If we have learned anything from the Covid-19 pandemic it is that we are all inextricably connected with each other and the natural world. Without greater balance and cooperation we cannot survive as a species. Human wellbeing is at the heart of what we do.  Our work, to protect the ocean is driven by the reality that humankind needs a healthy planet that can sustain life, for the sake of our homes, health, livelihoods, and food. Many have taken the rupture to our lives caused by Covid-19 to think about this and about how we can rebuild better, learning from the pandemic to achieve a greater balance, and to protect the fundamentals which make life on Earth possible. Doing so is a necessity.

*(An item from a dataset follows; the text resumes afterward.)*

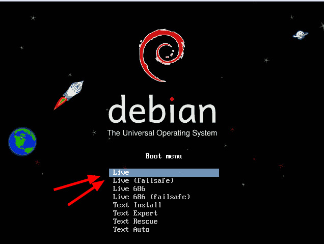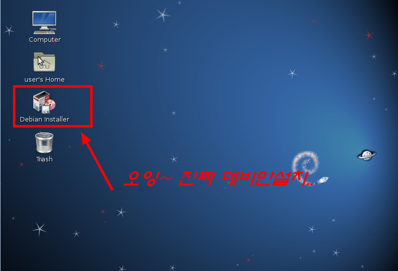 라이브 부팅 하면 아래처럼 데비안이 설치된 화면이 나타납니다

We do not have the luxury of choosing between paths which damage the natural world and those which do not.  If we continue to harm nature at the rate we have been, our world will not be able to sustain human wellbeing – from jobs to food security and health. We have been given a stark warning. Once we emerge and start to rebuild, we need to do so in a way that protects the fundamentals that all human beings rely upon, foremost among these being a planet capable of sustaining human life.

Beach

Governments will be put under pressure to drop environmental protections to make it easier for industry to operate; to privilege short term economics and job increases over other considerations. These will be presented as a choice – choose humans over nature – but it is not a real choice. For the good of humankind we must achieve balance with the natural world, a coexistence which ultimately enables us to thrive. If we do not achieve that balance, take action to do better now, the rupture in our lives will get bigger, we will face other, escalating global disasters. We ask governments to protect human wellbeing and to make decisions which keep a functioning blue planet beneath our feet.

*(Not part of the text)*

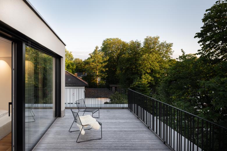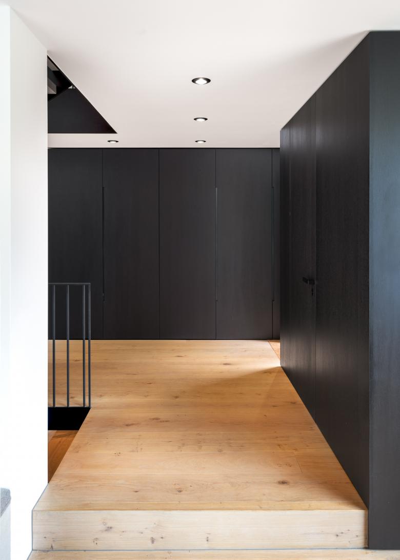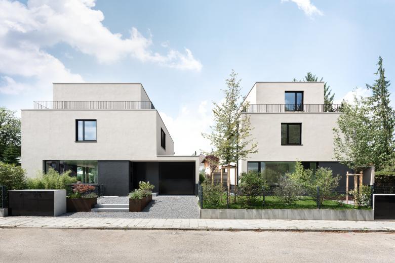 Both of the two houses possess the same conceptual design and built with the same materials, yet are entirely different from one another in terms of spatial arrangement and user experience. Stacked off-white rendered cubes sit on top of a black 'skirting' that envelope the house. Larger windows sit between the two contrasting colours and the smaller windows punch through the upper cubes. The concept makes an appealing and ever-changing appearance to each façade.

Seas At Risk, Aida, David Suzuki Foundation, Deep Sea Conservation Coalition, Ecology Action Centre, Global Fishing Watch, Global Ocean Trust, Greenovation Hub, High Seas Alliance, International Programme on the State of the Ocean, Marine CoLABoration, Marine Conservation Institute, Marine Conservation Society, New Economics Foundation, Shark Project International, Oceans North, Our Fish, Thames Estuary Partnership, Turkish Marine Research Foundation, OneOcean, Zoological Society of London, Wild Trust.